A subset $Y$ of $L$ has $l \in L$ as an upper bound if $\forall l^\prime \in Y : l^\prime \sqsubseteq l$ and as a lower bound if $\forall l^\prime \in Y : l^\prime \sqsupseteq l$. A least upper bound $l$ of $Y$ is an upper bound of $Y$ that satisfies $l \sqsubseteq l_0$ whenever $l_0$ is another upper bound of $Y$; similarly, a greatest lower bound $l$ of $Y$ is a lower bound of $Y$ that satisfies $l_0 \sqsubseteq l$ whenever $l_0$ is another lower bound of $Y$. Note that subsets $Y$ of a partially ordered set $L$ need not have least upper bounds nor greatest lower bounds but when they exist they are unique (since $\sqsubseteq$ is anti-symmetric) and they are denoted $\bigsqcup Y$ and $\sqcap Y$, respectively.
It is this part that I am unsure about:
Note that subsets $Y$ of a partially ordered set $L$ need not have least upper bounds nor greatest lower bounds but when they exist they are unique (since $\sqsubseteq$ is anti-symmetric) and they are denoted $\bigsqcup Y$ and $\sqcap Y$, respectively.
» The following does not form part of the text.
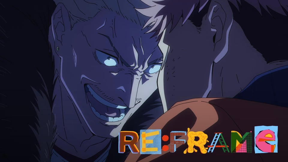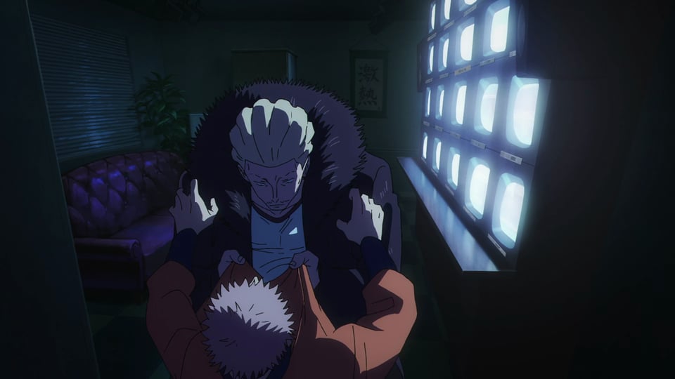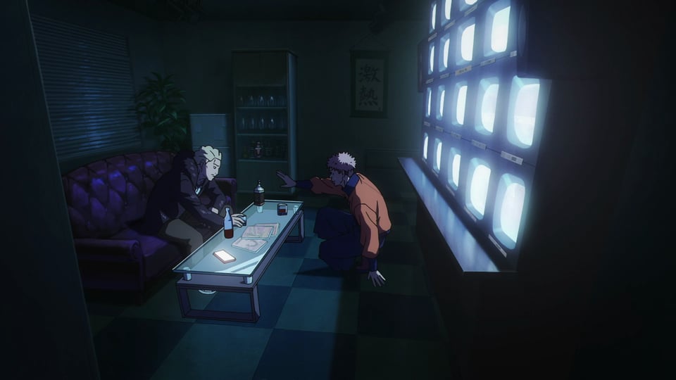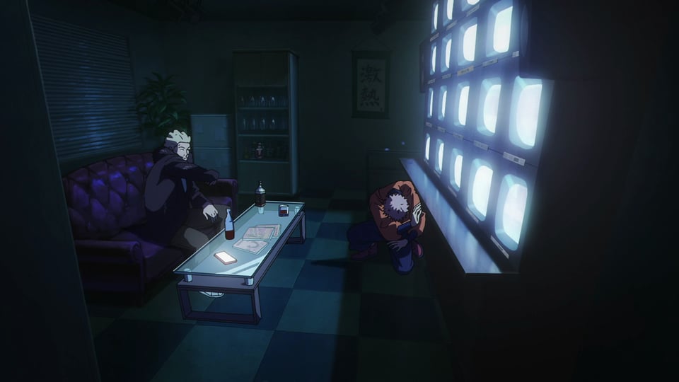 I suppose this is to be expected of a shonen action show such as this, and while fights are their own kind of storytelling, without space in between, it all becomes noise. I'm not immune to the excitement – after more or less declaring myself done with the story after feeling worn out by the manga and the back half of season 2, the blend of Kill Bill and Yutaka Nakamura homages in episode 4, "Perfect Preparation," drew me back in. But what stood out to most, was a shot in the fifth episode, "Passion" – the climactic sequence of the episode lead protagonist Yuji Itadori through an underground fight club to try and meet with the man who runs it – a powerful sorcerer named Hakari. I'll spare you the overly complicated details, but it's the framing of their meeting which stands out. Their conversation is framed from a fly-on-the-wall perspective, a fixed angle from the door through which Yuji enters the room – appropriate for a scene set in a security room, the wall lined with CCTV monitors. The conversation plays out as a long take, the camera never moving. Yuji stands, they sit and drink, Yuji messes up by overdoing it on a lie and slowly backs away, before Hakari attacks him and corners him against the camera.

This isn't obvious to me. Would someone please explain/clarify this?
To see that there are posets without least upper bounds nor greatest lower bounds consider $L = [-1,0) \cup (0,1) \cup (1,2]$ and $Y = (0,1)$. Let your partial order be the usual total order on $\mathbb{R}$. Then there is no least upper bound or greatest lower bound of $Y$ in $L$.
To prove this explicitly for the least upper bound case: suppose some $l \in L$ were a least upper bound of $Y$. Then we can select any $l_0 \in (1,l)$ and $l_0 < l$ is another upper bound for $Y$, but it's less than $l$. This is a contradiction, so no least upper bound can exist.
A similar argument works for the greatest lower bound.
For the uniqueness aspect, given existence, suppose both $l$ and $l^\prime$ were a least upper bound for $Y$ in $L$. Then this means in particular that they are both an upper bound. So $l \sqsubseteq l^\prime$ because $l$ is a least upper bound. But, $l^\prime \sqsubseteq l$ since $l'$ is also a least upper bound. By anti-symmetry this means we must have $l = l^\prime$.
A similar argument works for uniqueness of a greatest lower bound given its existence.